GIVEN DATA:
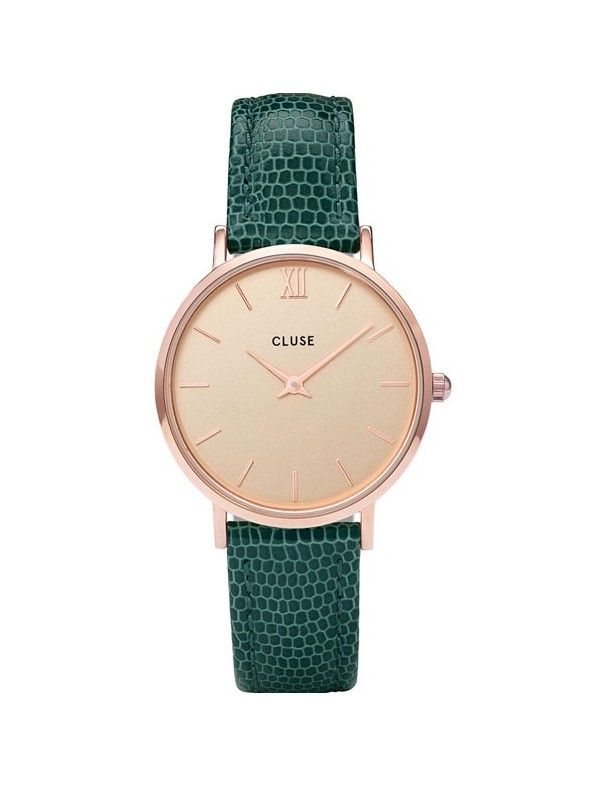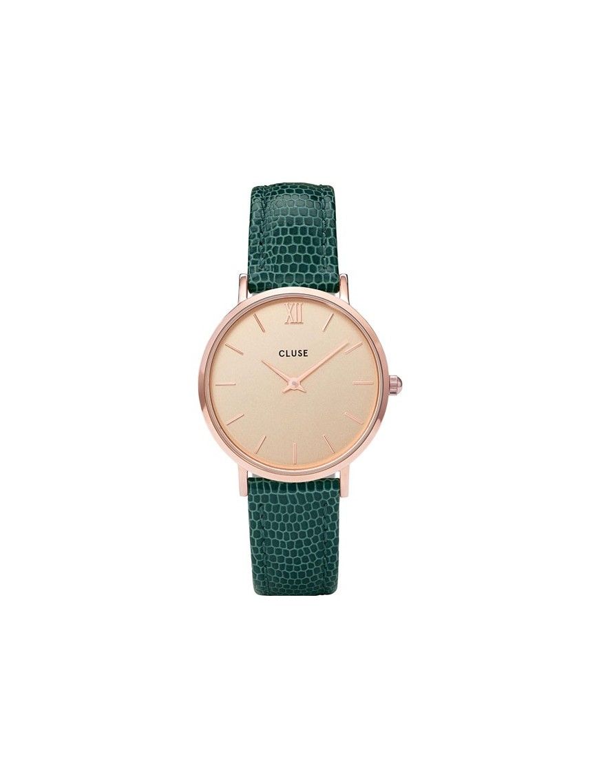 Reloj Cluse Minuit Mujer CL30052. Es un reloj original de la marca Cluse. Pertenece a la colección Minuit Rose de estilo minimalista. Este reloj es analógico de dos agujas con movimiento de cuarzo, alimentado con pila. Este reloj Cluse tiene la correa en piel auténtica en imitación serpiente de color verde y con cierre en hebilla. El dial en color champagne de 38 milímetros y 7 milímetros de grosor, con agujas de color oro rosa al igual que la caja. La resistencia al agua es de 30 metros (3 ATM) para pequeñas salpicaduras. Un cristal mineral cubre a la esfera. La garantía del fabricante de los relojes Cluse es de 2 años contra defectos de fabricación.
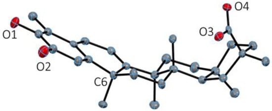 Celastrol molecule showing the conformation of the individual rings: planar for the methide quinone ring A on the left; envelope with C6 out of plane for adjacent ring B; remaining three rings are in chair conformation. H atoms are not shown for clarity.
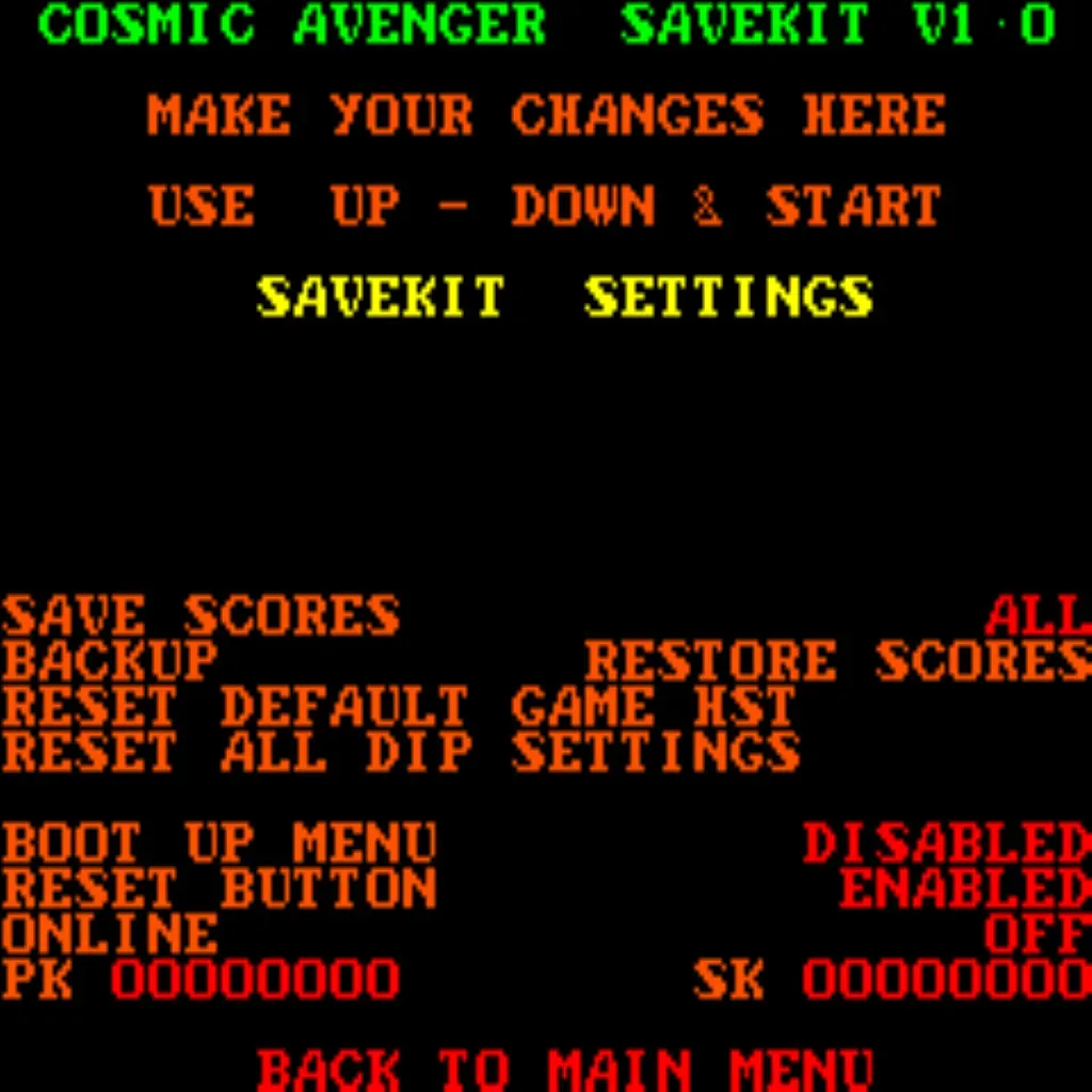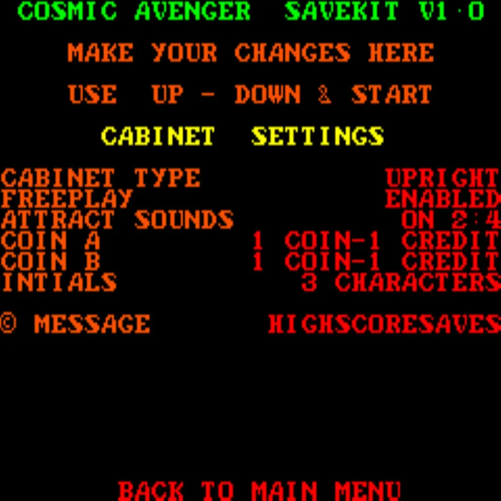 Cosmic Avenger Free Play and High Score Save Kit
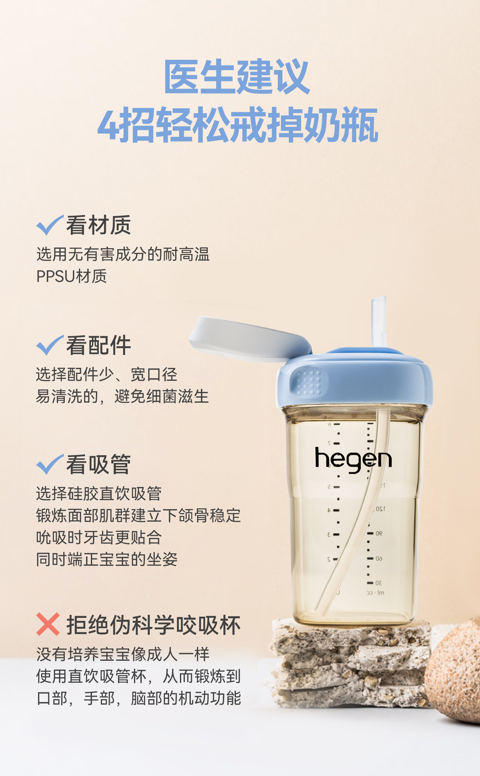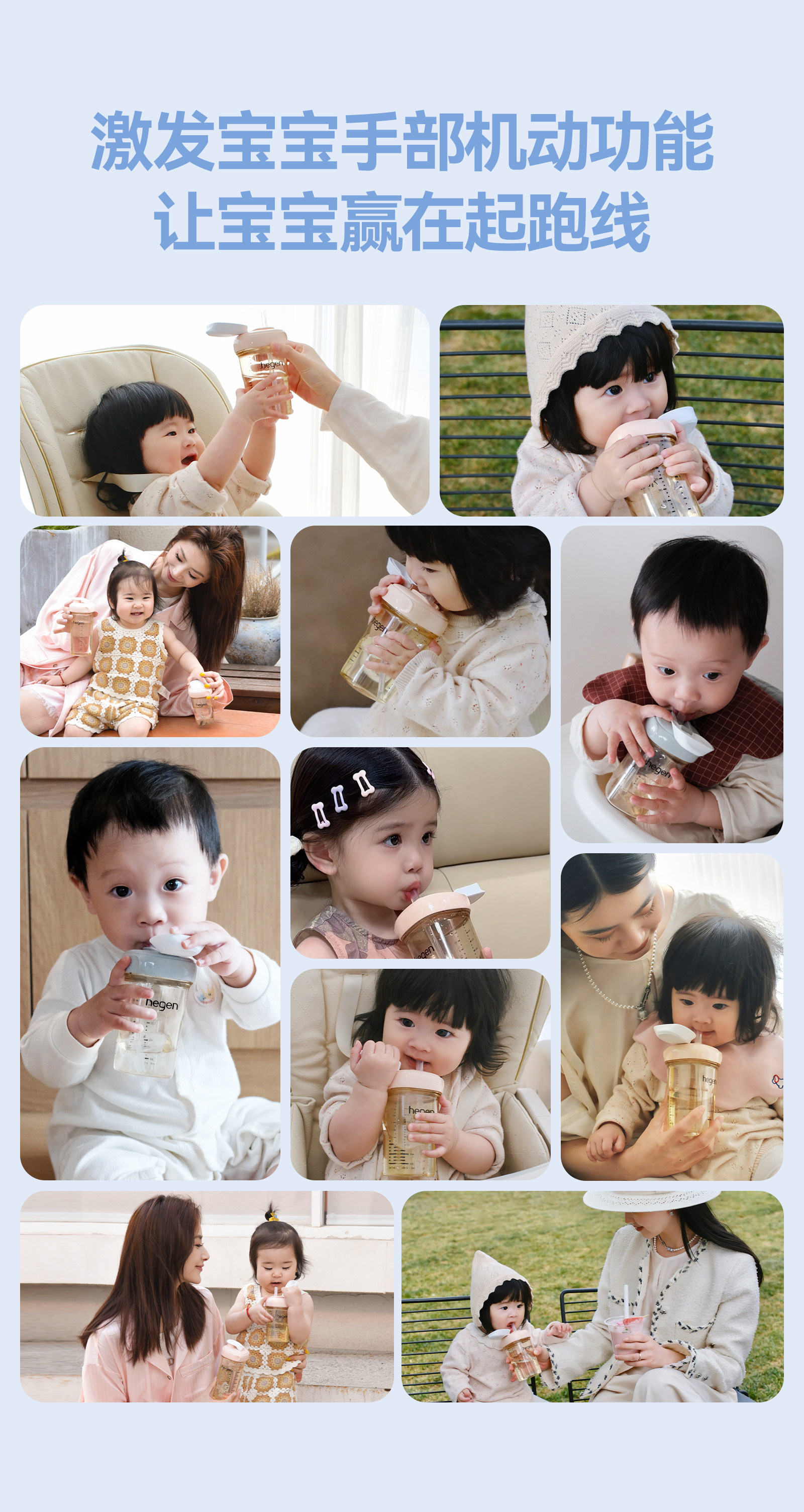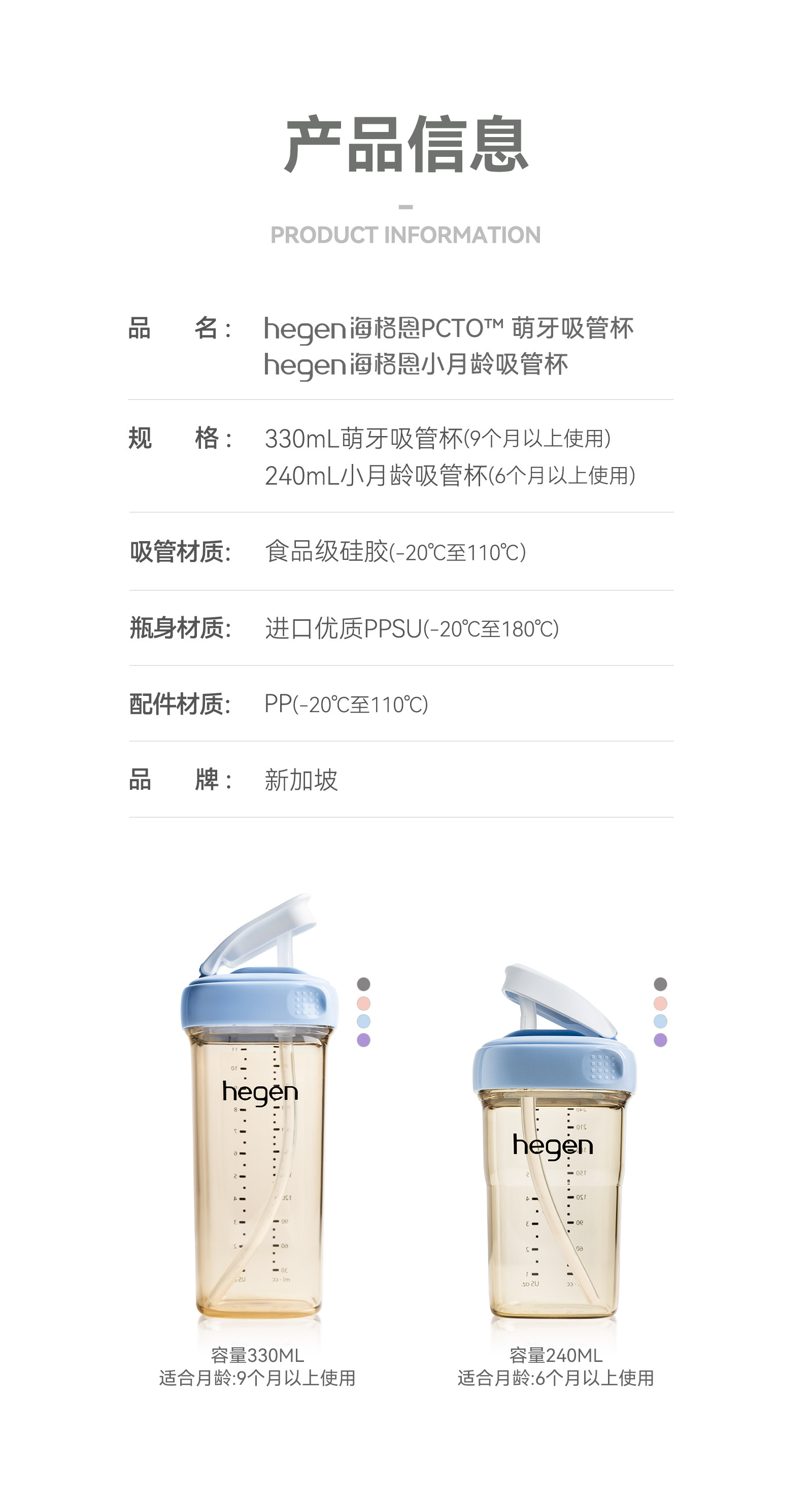 Hegen Baby Straw Cup 6-Month-Old Baby Water Cup Combination Kidsren's Special Direct Drinking Straw Milk Cup

ABOUT THIS EXERCISE: Give every line of the data above again as it stands; the pictures stay out.

RESULT FOR THIS EXERCISE:
 Reloj Cluse Minuit Mujer CL30052. Es un reloj original de la marca Cluse. Pertenece a la colección Minuit Rose de estilo minimalista. Este reloj es analógico de dos agujas con movimiento de cuarzo, alimentado con pila. Este reloj Cluse tiene la correa en piel auténtica en imitación serpiente de color verde y con cierre en hebilla. El dial en color champagne de 38 milímetros y 7 milímetros de grosor, con agujas de color oro rosa al igual que la caja. La resistencia al agua es de 30 metros (3 ATM) para pequeñas salpicaduras. Un cristal mineral cubre a la esfera. La garantía del fabricante de los relojes Cluse es de 2 años contra defectos de fabricación.
 Celastrol molecule showing the conformation of the individual rings: planar for the methide quinone ring A on the left; envelope with C6 out of plane for adjacent ring B; remaining three rings are in chair conformation. H atoms are not shown for clarity.
 Cosmic Avenger Free Play and High Score Save Kit
 Hegen Baby Straw Cup 6-Month-Old Baby Water Cup Combination Kidsren's Special Direct Drinking Straw Milk Cup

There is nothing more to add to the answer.